October 7, 2024

I, Science

The science magazine of Imperial College

Last week, I travelled to UCL to meet Imran Khan, head of CaSE. Imran is an alumnus of the Imperial College Science Communication MSc course and was previously a researcher for former Liberal Democrat MP Dr Evan Harris. As Director of CaSE, Imran deals with a whole range of issues surrounding science policy. Today, Imran talks about the Comprehensive Spending Review and the Science is Vital Campaign

AP:       Was last year’s Science is Vital Campaign a success?

Going back to my previous answer about science, and evidence-based policy…we hear again anecdotally from various people that the campaign did make a difference — we hear a lot of the things made a difference. The trouble is there’s no way to re-run the experiment. It’s not as if we could do the entire campaign again and not do the editorials, or not do the protests…it’s impossible to know what exactly triggered the decision in the end. Of course, even when you ask people in  HM Treasury — which we have done — what difference did it make, it’s not really in their interest to say here’s exactly what made the difference, because they want to be able to keep their cards close to their chest!

Personally, I like to think the campaign did make a difference…I like to think that everything we did made a difference. We tried everything: we tried getting people on the streets, we tried getting letters in the newspapers, we tried making sure that places like Newsnight and all those kinds of different outlets were running these stories. We really lobbied everyone, from scientists all the way up to civil servants and ministers. Even the Prime Minister was lobbied by people we know.  We got the decision we got. Most importantly, in doing so, we tried everything possible, we left no stone unturned. So, to me that means we’ve got to assume that it did make a difference – otherwise we seriously risk getting it wrong next time.

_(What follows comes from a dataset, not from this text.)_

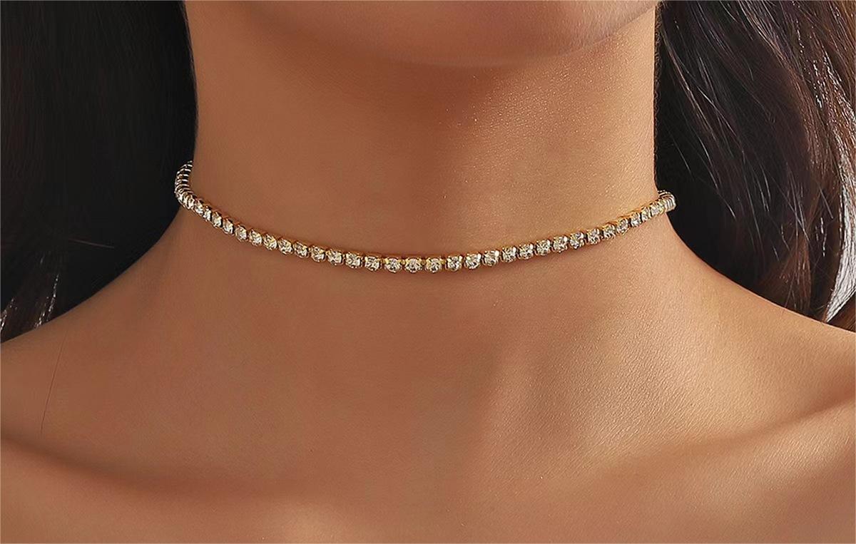 Diamond Simple European and American Necklace Women's Neck Single Row Sexy Jewelry Flash Diamond Neck Chain Clavicle Chain

AP:       Has your view of the settlement UK science received under the Comprehensive Spending Review changed in light of recent inflation figures?

Well, the most important thing was probably the announcement on capital spending. When the spending review was unveiled, the Government only announced the resource allocation and they did something quite clever in that they said they were freezing the science budget in cash terms, but they redefined what the science budget is. Previously, the science budget consisted of the research council spending, plus some other allocations …but importantly it included both the resource side and the capital side. Now, it no-longer includes the capital, but they’ve moved in the higher education resource funding.

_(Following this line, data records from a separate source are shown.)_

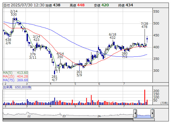 ステラファ <日足> 「株探」多機能チャートより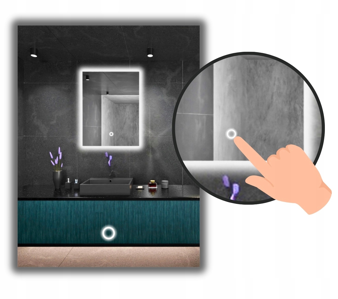 LED osvetljeno ogledalo 95×100 IP65 vodoodporno s stikalom na dotik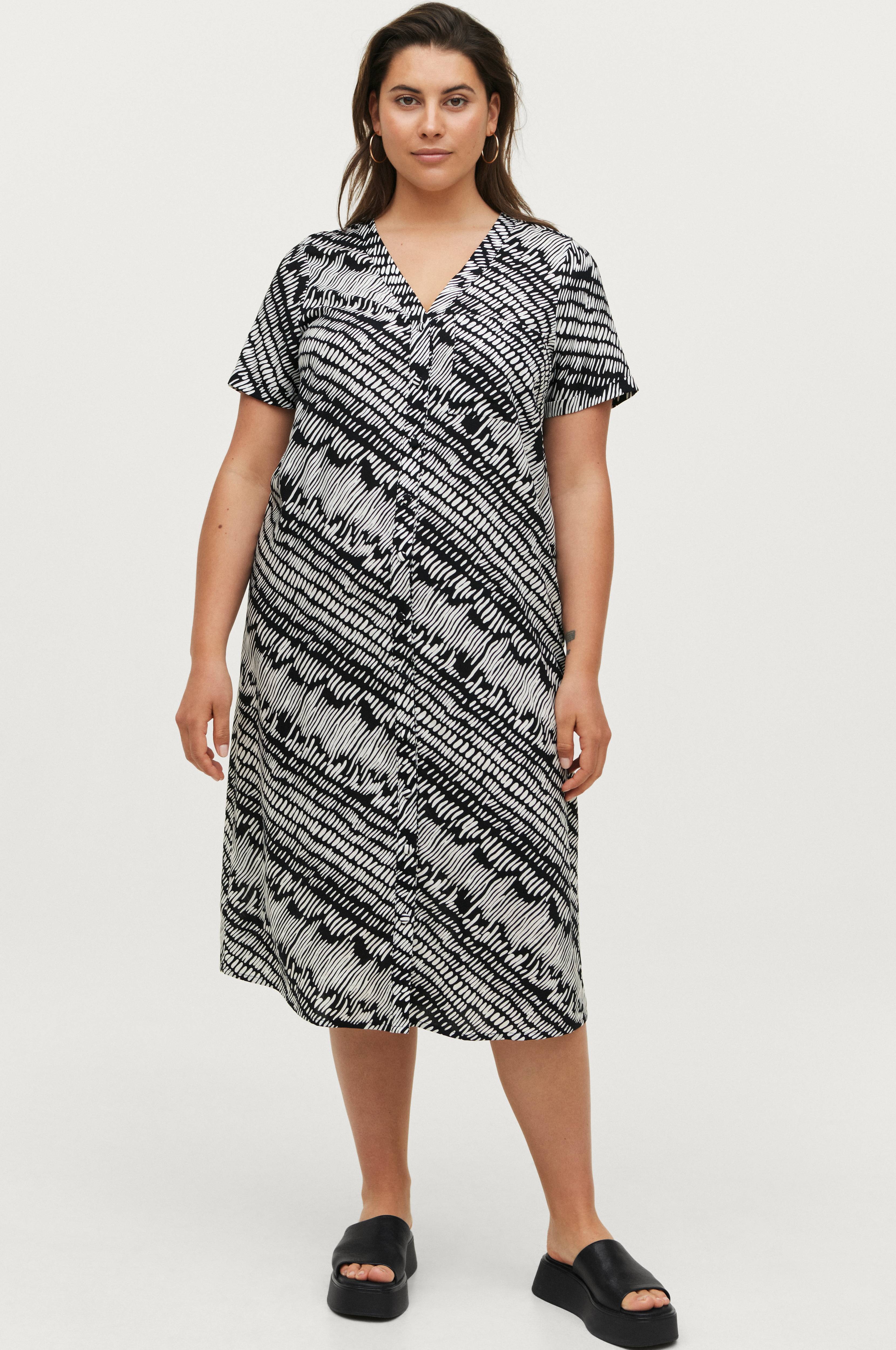 Fin, smickrande sommarklänning för oss med full figur. Rak, elegant och enkel skärning, feminin. Mjukt tyg och fina tygknappar längs med hela framsidan.

A couple of months after the Comprehensive Spending Review, the Government slashed capital spending across the board by about fifty per cent, which is pretty huge. I don’t know whether you’d call it a sleight of hand, but they were certainly intelligent in how they used language in communicating their decision-making.

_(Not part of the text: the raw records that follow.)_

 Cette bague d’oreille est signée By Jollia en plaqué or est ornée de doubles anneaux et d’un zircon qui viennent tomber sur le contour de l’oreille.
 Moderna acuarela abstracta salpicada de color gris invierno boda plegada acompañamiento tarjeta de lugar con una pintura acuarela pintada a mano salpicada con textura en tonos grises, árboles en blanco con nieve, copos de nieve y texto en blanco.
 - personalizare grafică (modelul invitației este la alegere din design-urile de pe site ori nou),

It was all transparent though; all the figures were there, so they definitely didn’t mislead anyone in terms of the actual numbers they were putting around. I simply think that the language they used gave the impression that the decision was better than it actually was. Now, we’re getting to the stage where we’ve seen what the capital cuts have been, we’re seeing that in some of the departments funding isn’t as high as we’d hoped it would be for research, inflation is going up and what’s clear is that it’s going to be a very difficult two-to-four years…we’re very concerned.

AP:       One thing which struck me during the campaign was the way in which the arguments you made were framed purely in terms of the economic benefits of science. I appreciate the necessity of ‘speaking the language of Whitehall’, especially when trying to convince the treasury to spare science and engineering from the cuts, but are you at all concerned that the grander ideal of ‘science for science’s sake became lost in this debate? Was this framing of the debate in purely economic terms a deliberate tactic and do you think there is any danger of us, as a society, commoditising science?

It was a deliberate tactic…we decided fairly early on in summer that this was how we were going to approach things. I think it was a fairly well-informed decision in that we knew the Treasury was starting to make all of its decisions about public spending, based purely on the economy. The overriding political climate was — and it still is to an extent — that public spending is at a premium; we’ve got to kick start the economy, we’ve got to get Britain growing again. You know, whatever speech you read at the time by Osborne, Cameron, Clegg, etc., that message was really front and centre. Thus, we had to couch our arguments in the language they were using. They’re the ones holding all the cards; they’re the ones who get to decide what happens. So, if we don’t speak their language, we’ve really got no excuse if the decision goes the wrong way.

Although, to be honest, I had the same concerns. The reasons that I’m passionate about science aren’t because it generates pounds; I like it because it advances society and it advances humanity. The main reason that politicians are supporting science may well be because of the economic arguments, but that doesn’t mean that the by-product of that won’t be that we get everything else that we want from it as well…we’ll still get the advancement of human knowledge, we’ll still get highly-trained people coming out of our universities, we’ll still hopefully break down the barriers of knowledge. I don’t think it’s a zero-sum game.